XRP Surges as $3 Billion in Liquidations Looms — Is a Short Squeeze on the Horizon?

XRP Surges as $3 Billion in Liquidations Looms — Is a Short Squeeze on the Horizon? – featured image

XRP experienced a notable upswing recently, climbing nearly 3% on Monday to hover around $1.339–$1.35. This increase was primarily influenced by broader market dynamics, particularly recent headlines surrounding U.S.-Iran ceasefire talks, which injected a dose of optimism across the crypto landscape. Meanwhile, Bitcoin stabilized close to $69,870, and Ether lingered around $2,144. Although XRP’s rally wasn’t as pronounced as its peers, it still marked a significant day of trading.

The latest move upwards originated from the $1.28–$1.29 demand zone, characterized by a surge in trading volume, suggesting strong buying interest at that level. This momentum allowed XRP to retake the $1.30–$1.32 range before it faced new resistance.

Analytical insights indicate that XRP is currently confronting a key short-term barrier between $1.34 and $1.355, an area that has historically posed a challenge for the asset. A breaking of this resistance could set the stage for an ascent toward $1.42, with eyes also on the significant supply zone between $1.47 and $1.50.
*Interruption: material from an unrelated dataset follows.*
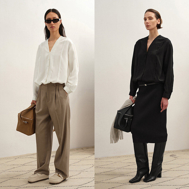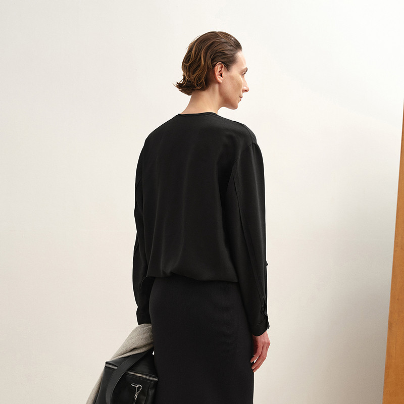 【商场同款】LESS2025冬新款简约气质V领含桑蚕丝衬衫女2PA218190

However, the downward pressure remains palpable. The nearest support levels lie between $1.31 and $1.32, and a slip below $1.28 would result in a return to deeper consolidation levels.
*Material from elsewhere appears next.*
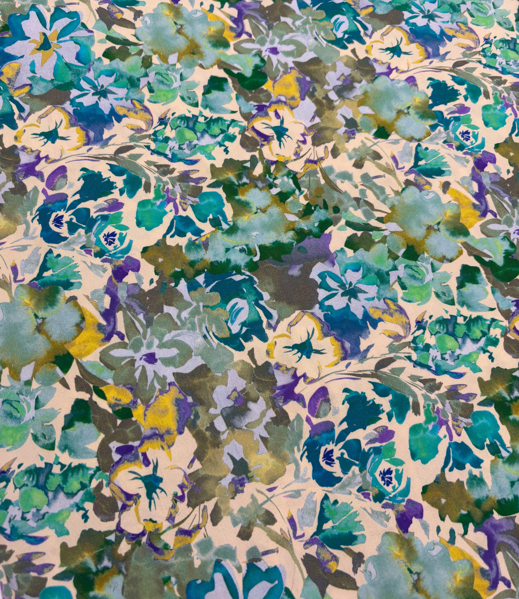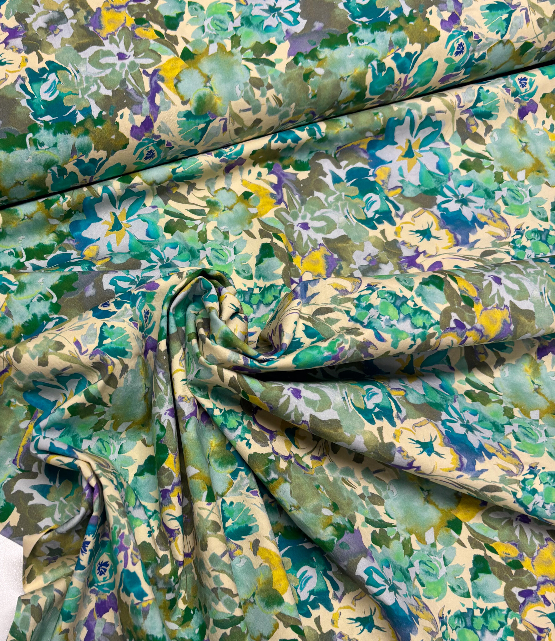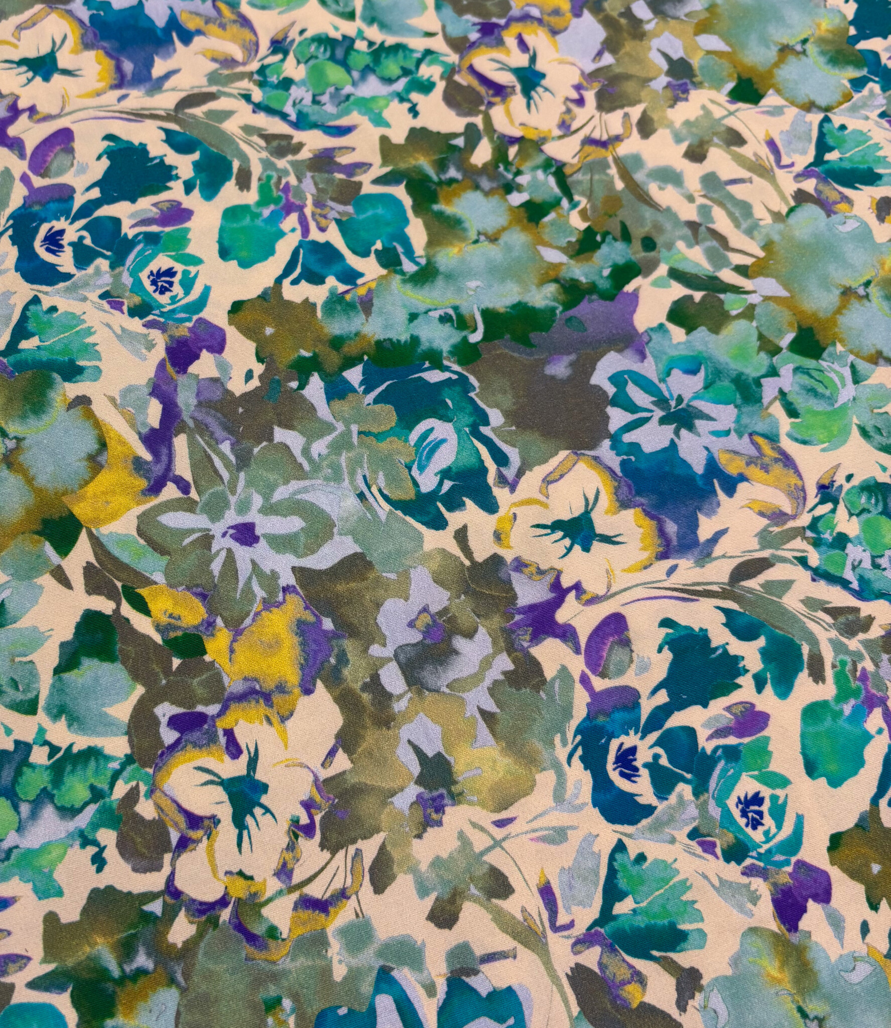 Een stretchkatoen met groene bloemen.

Open Interest and Market Dynamics

Recent reports highlight an uptick in open interest, which rose sharply from $892 million to $951 million, marking the highest figure seen in over two weeks. This shift occurred as price dipped below $1.31, accompanied by negative funding rates at -0.0010, indicating that short traders are currently compensating long traders—a sign of pronounced bearish sentiment in the derivatives arena.

Moreover, concerning liquidation clusters, approximately $3.055 billion hangs above the current price, with $318.57 million concentrated near $1.356. Should XRP venture into this territory, those holding short positions might face intense pressure, potentially fueling further upward movement.

An analysis by Santiment revealed that the average active wallet on the XRP Ledger has suffered a staggering 41% decline in investments over the past year, a grim statistic reflecting the lowest Mean Value to Realized Value (MVRV) reading since the FTX collapse of November 2022. This underscores how many traders are navigating through a challenging landscape of diminished returns.

Despite the positive price movement, Monday’s upward trajectory was not directly linked to developments within Ripple. Notably, Iran rejected Pakistan’s ceasefire proposal shortly after it was floated, raising uncertainties and limiting the risk-on momentum across financial markets.

Looking Ahead

This week promises to be pivotal for the broader financial landscape, as the U.S. economic calendar is packed with significant events. The release of Fed minutes on Wednesday, followed by PCE inflation data on Thursday and CPI figures on Friday, will be closely monitored by investors. Recent shifts, such as Wells Fargo retracting its 2026 rate cut forecast, signal potential volatility ahead.

On April 1, Ripple did unveil treasury software that includes XRP balance tracking, and CME has introduced XRP futures options on its CFTC-regulated platform. However, as witnessed on Monday, macroeconomic developments remain the predominant influence on price behavior.

XRP continues to operate within a falling channel established since its July 2025 peak of approximately $3.60, with attempts to break out at various levels, including $3.18, $3.10, $2.41, and $1.60—all failures thus far.

The market’s current positioning suggests a watchful eye on this volatility, as traders weigh the potential for either a short squeeze or further consolidation, all while navigating the ongoing complexities of both the crypto ecosystem and the traditional economic landscape.